There are times when you wonder if it wouldn't do the average Kerryman good to be somehow transported into the body and soul of a Fermanagh man or a Monaghan GAA diehard thumbing a lift out of Clones on a darkening and drenched Sunday night. You have about five pound sterling in your pocket and a half bottle of Harp in your paw and you realise you may never see your county win again. You feel guilty and terrible and responsible. That is the common experience of the championship.

And whatever about the fans, being a multi-award-winning Kerry footballer must be nothing short of an ordeal. A Kerry friend assured me an insult commonly heard in the pubs and discos he frequents is: "Go on with your two All-Irelands." A common chat-up line in the discotheques of the Kingdom runs along the lines of: "Is that an All Star in your pocket or are you just pleased to see me?"

In most counties, acquiring a single All-Ireland medal is enough to guarantee a man a granite statue on the roundabout of his home town, at least one parish hall renamed in his honour and the kind of popularity among the ladies that would make Brad Pitt feel inadequate. Not in Kerry, though. Down there, you are nobody unless you can produce about a half dozen CLG trinkets to show off.

And that is the other thing about Kerry. Showing off does not come easy to them. You only have to look at the demeanour of the pathologically modest Mike Frank Russell whenever he fires over the kind of wonder point that would have the rest of us woofing to beat the band.

And remember Maurice Fitzgerald? For 10 years, we watched Mo Fitz play the best football most of us had ever seen while never once looking less than deeply troubled by it all. There may well be no footage of the Kerry great actually smiling before, during or after a game.

When he kicked that eye-popping point from the sideline in Thurles against Dublin, he trotted away looking positively grief-stricken. It is probable that even as he touched the celestial heights, Fitzgerald was aware he was contributing to the fearful standards expected of the generation of Kerry footballers to come.

In 20 years, those sideline kicks will probably be met with shrugs unless the kicker attempts them blindfolded or breathes fire at the same time.

There is a reason that Kerry folk still bang on about Séamus Darby's extraordinary goal and it has nothing to do with the denial of the five-in-a-row success. It was more to do with the way that loss, so dramatic and gut-wrenching and inexplicable and flying in the face of all previous experience, made them feel. It made them feel as vulnerable and vexed and in the lap of the gods as every other county. It made Kerry folk feel part of the crowd.

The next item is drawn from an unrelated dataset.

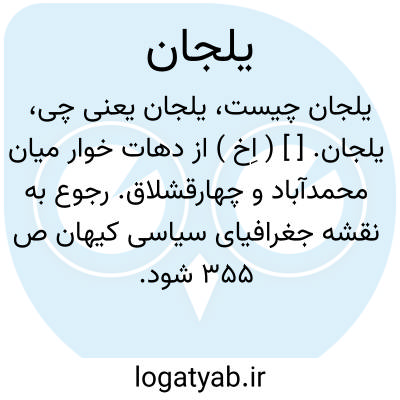 لغت نامه دهخدا یلجان. [ ] ( اِخ ) از دهات خوار میان محمدآباد و چهارقشلاق. رجوع به نقشه جغرافیای سیاسی کیهان ص 355 شود.

Of course, they were soon forced to separate themselves shortly afterwards as they embarked on a consolatory three-in-a-row triumph, which acted as a kind of a farewell tour for that great team. They were not allowed to indulge in the kind of melancholy and fatalistic dreaming and paranoia that make the championship meaningful for every other county.

Nope, it was straight back on the trail of unblemished championship success, for three years flush. They could but watch as the rest of us failed in varying hues of glory.

So spare a thought for Kerry folk this weekend and for the rest of the summer. Somebody has to do all the winning to give the championship context and meaning. That has become the fate of Kerry and they bear it with goodwill to all men and even better grace. The bastards.